= Beginning of Section =

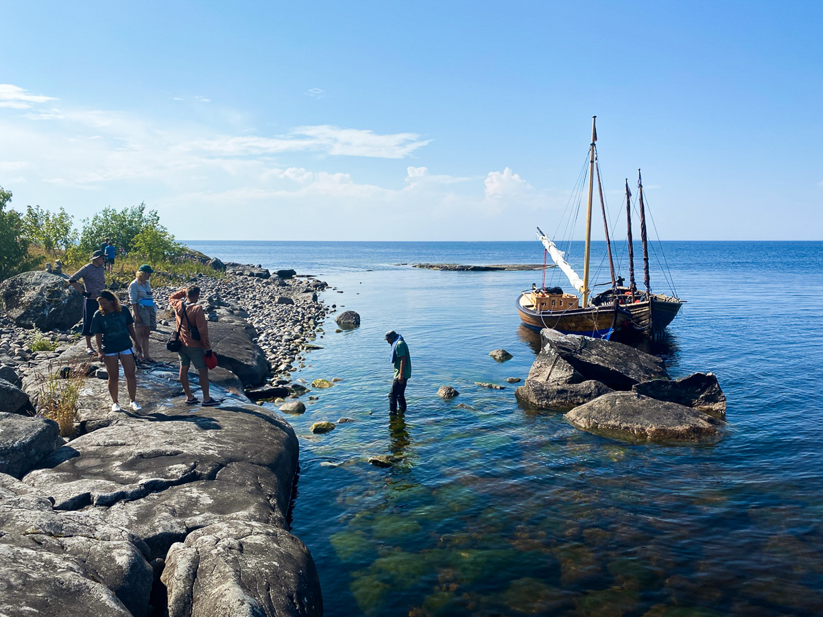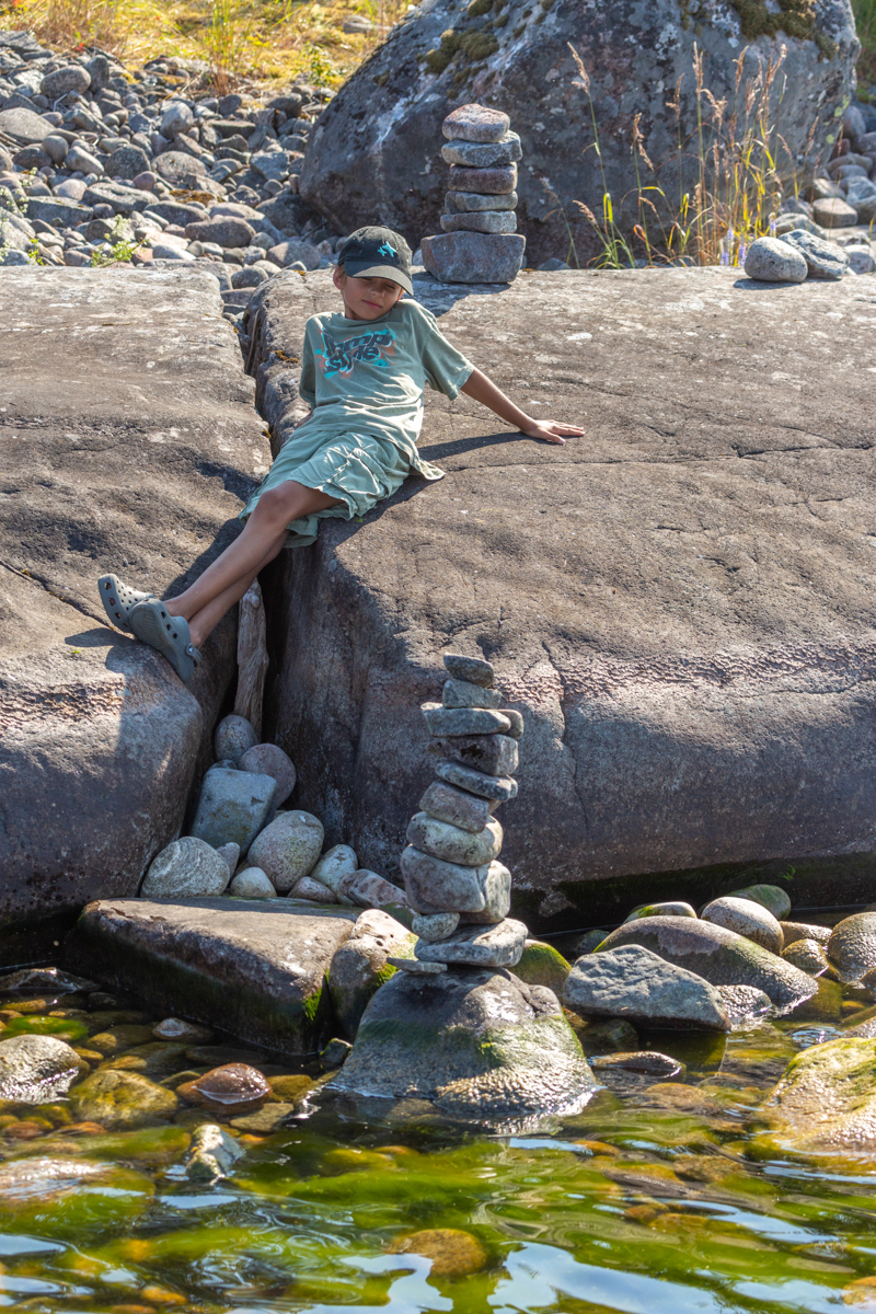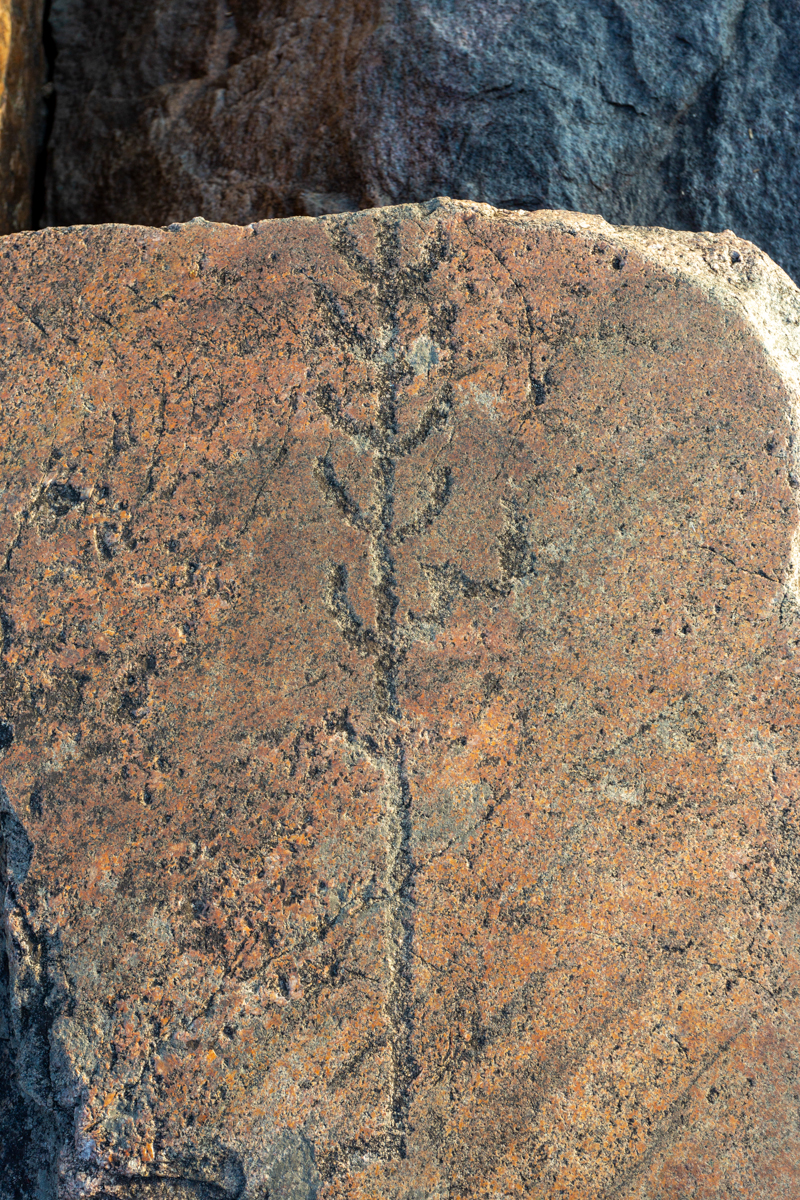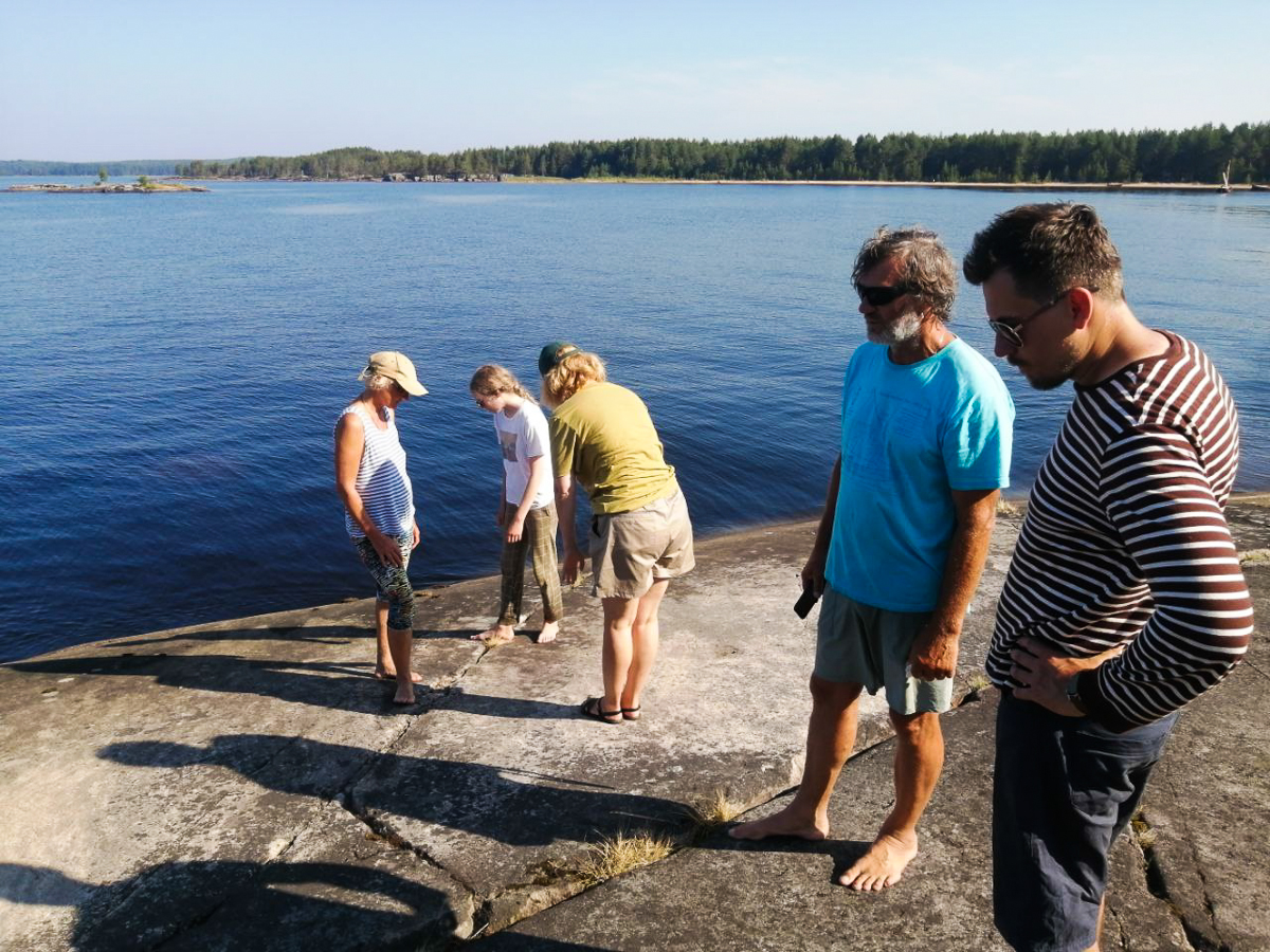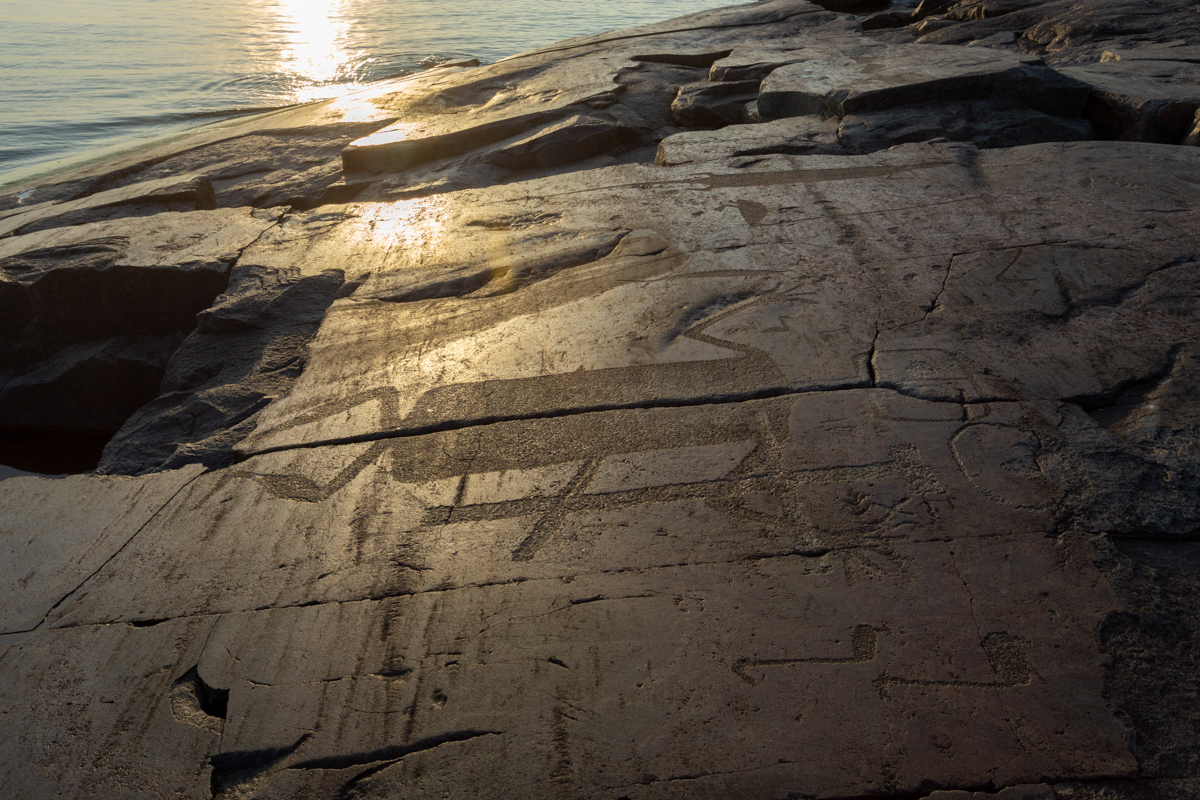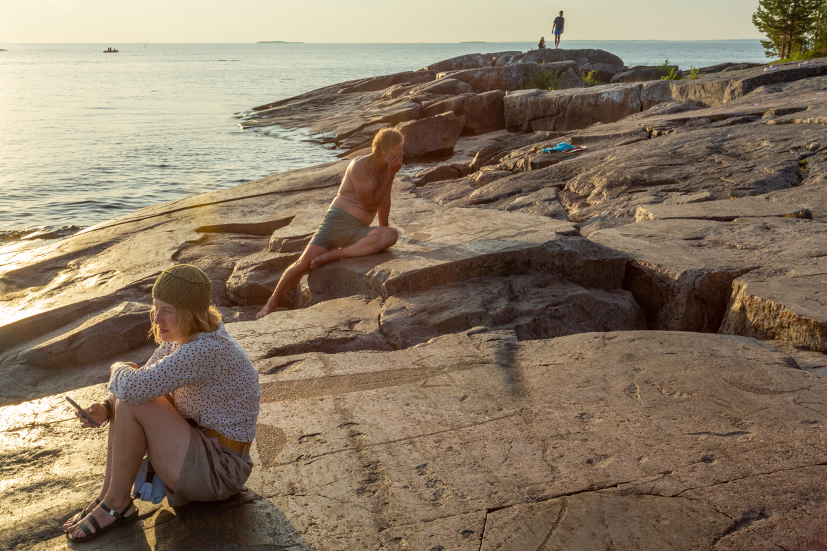 1406, встали с южной оконечности Большого Гольца. Купаемся, бродим по острову в поисках остатков каменоломен. Нашли лагерные петроглефы и очень много земляники.
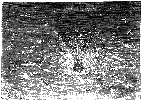 Тысячи голубей, к хвостам которых прикрепили горящее вещество, были пущены на «Викторию». Перепуганные птицы разлетелись, описывая в воздухе огненные зигзаги. Кеннеди стал палить из всех имеющихся ружей в огненную стаю, но что мог он поделать против бесчисленного множества врагов! Голуби уже кружились вокруг «Виктории», и шар, отражая огни, сам казался заключенным в огненную сетку.
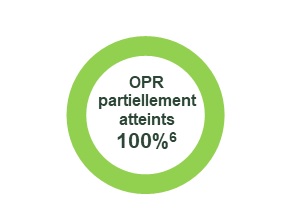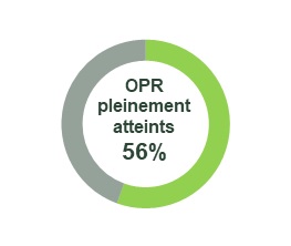 Ce diagramme montre deux anneaux épais, chacun divisé en deux parties. Les segments affichent un pourcentage des objectifs en matière de population et de répartition du plan d’action qui ont été partiellement atteints et pleinement atteints, et sont pondérés en conséquence. L’un des anneaux montre les objectifs en matière de population et de répartition entièrement atteints (100 %), tandis que l’autre montre les objectifs en matière de population et de répartition partiellement atteints (56 %). Les pourcentages sont également indiqués sous forme numérale au centre des cercles.
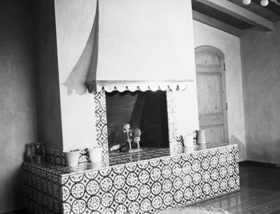 Interior fireplace in the new home of Mr. and Mrs. Jack Buckler in River View Estates, at 104 Hazelwood Drive. This is the informal Mexican room with a tiled fireplace two feet above the floor. The tile has a bold design forming a geometric pattern.
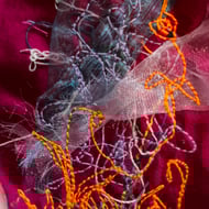 Mini pink & grey free-motion embroidery collage made with satin, organza & patterned polyester lining. Approx. 6cm x 5cm.
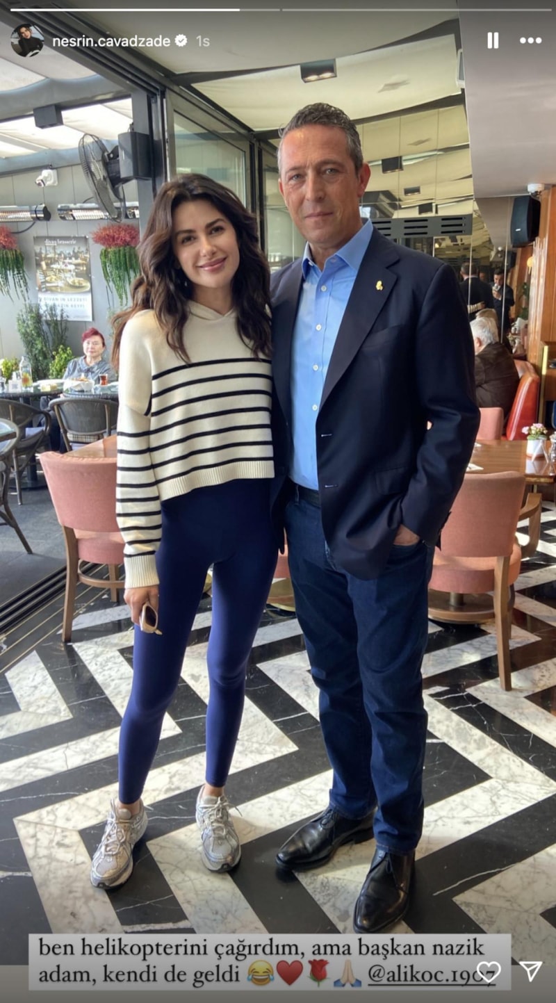 Başarılı oyunculuğu ve özel hayatıyla adından sıkça söz ettiren Nesrin Cavadzade, sosyal medya hesabından Ali Koç ile paylaşım yaptı.

= End of Section =

WORK ITEM:
Your copy of the material above should be exact and free of pictures.

SOLUTION TO THE EXERCISE:
 1406, встали с южной оконечности Большого Гольца. Купаемся, бродим по острову в поисках остатков каменоломен. Нашли лагерные петроглефы и очень много земляники.
 Тысячи голубей, к хвостам которых прикрепили горящее вещество, были пущены на «Викторию». Перепуганные птицы разлетелись, описывая в воздухе огненные зигзаги. Кеннеди стал палить из всех имеющихся ружей в огненную стаю, но что мог он поделать против бесчисленного множества врагов! Голуби уже кружились вокруг «Виктории», и шар, отражая огни, сам казался заключенным в огненную сетку.
 Ce diagramme montre deux anneaux épais, chacun divisé en deux parties. Les segments affichent un pourcentage des objectifs en matière de population et de répartition du plan d’action qui ont été partiellement atteints et pleinement atteints, et sont pondérés en conséquence. L’un des anneaux montre les objectifs en matière de population et de répartition entièrement atteints (100 %), tandis que l’autre montre les objectifs en matière de population et de répartition partiellement atteints (56 %). Les pourcentages sont également indiqués sous forme numérale au centre des cercles.
 Interior fireplace in the new home of Mr. and Mrs. Jack Buckler in River View Estates, at 104 Hazelwood Drive. This is the informal Mexican room with a tiled fireplace two feet above the floor. The tile has a bold design forming a geometric pattern.
 Mini pink & grey free-motion embroidery collage made with satin, organza & patterned polyester lining. Approx. 6cm x 5cm.
 Başarılı oyunculuğu ve özel hayatıyla adından sıkça söz ettiren Nesrin Cavadzade, sosyal medya hesabından Ali Koç ile paylaşım yaptı.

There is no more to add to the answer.